I have not found this in the iOS app (iphone/ipad), but heard someone mentioning that the Kindle Fire family has TTS.

So, does all devices running the Kindle app on Android offer TTS? (Like the Nexus 7) Or just Amazon's own devices?


----------



## Toby (Nov 25, 2008)

It works on the Fires, except the original Fire. I don't have the other devices.


----------



## Ann in Arlington (Oct 27, 2008)

I have the android Kindle app on my phone and a tablet (not a Fire).  I just checked my phone and there is no TTS within the app.  I believe there are 3rd party apps that may add the functionality but it's not something I'm particularly interested in so I've never really gone looking.  I do remember at least one blogger (Bufo Calvin of "I Love My Kindle") saying he'd found something that let him listen to kindle books on his original Fire -- which also did not have TTS.  The current HD models, however, do, I believe.


----------



## flips (Dec 9, 2012)

So, I guess TTS is something Amazon provides in it's custom firmware, not by default in stock Android ...


----------



## Ann in Arlington (Oct 27, 2008)

flips said:


> So, I guess TTS is something Amazon provides in it's custom firmware, not by default in stock Android ...

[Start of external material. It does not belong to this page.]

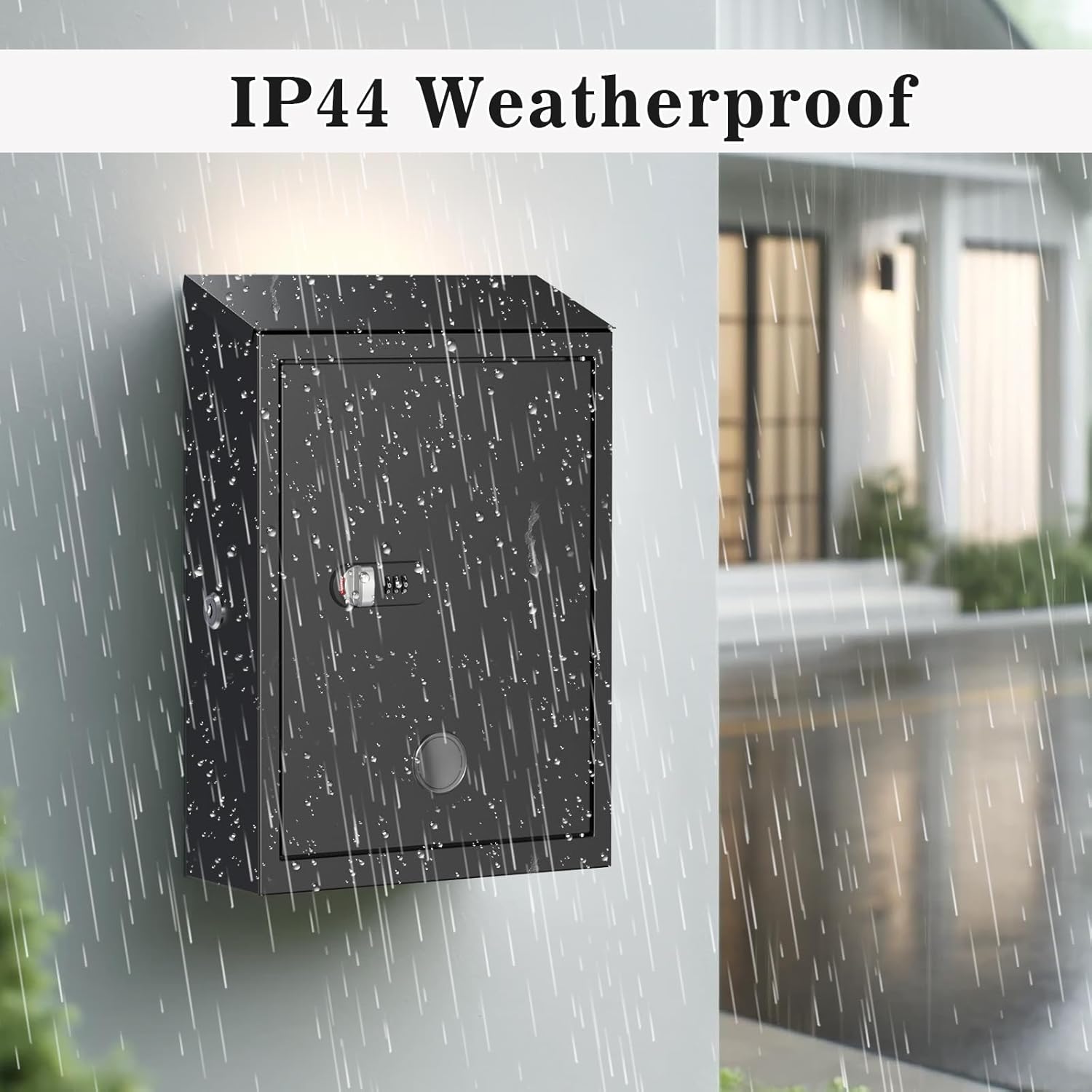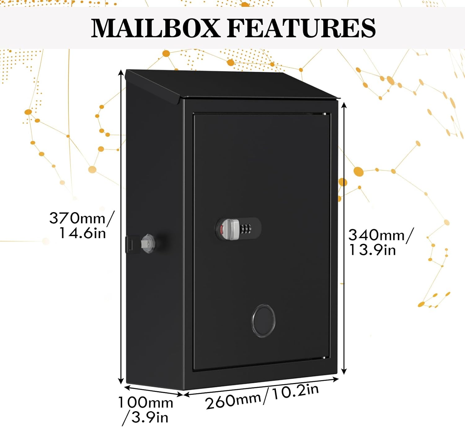 WeHere Mailbox Wall Mount, Locking Post Box for House, Key Drop Box, Combination & Key Unlock, Letters, Magazines, Weatherproof, Large Capacity 14x4x10in,Black

Android doesn't have much by default. . . it's just an OS. It's the apps that are developed that may or may not use a given feature. Most android devices will have speakers, and there are apps which will let the device read what is on the screen to you. Amazon did not choose to utilize that feature in their Kindle app for android.

On the FIRE, Amazon has put it's on stamp on the basic Android OS ('forked' it, if you will) and the Kindle app is more closely entwined into the OS than is possible on a 3rd party manufacturer device. My guess is they did this because it's been a feature of many of their eInk readers and customers asked for it back when the first Fire shipped without it.


----------



## readingril (Oct 29, 2010)

The TTS API has been a part of the Android OS since early on; unfortunately Amazon chooses not to incorporate TTS in its Kindle app. There are other reading apps that you can use that can read DRM free books in various formats, off the top of my head I know of Moon+ Reader & FBReader.


----------



## flips (Dec 9, 2012)

Great, thanks for good answers!


----------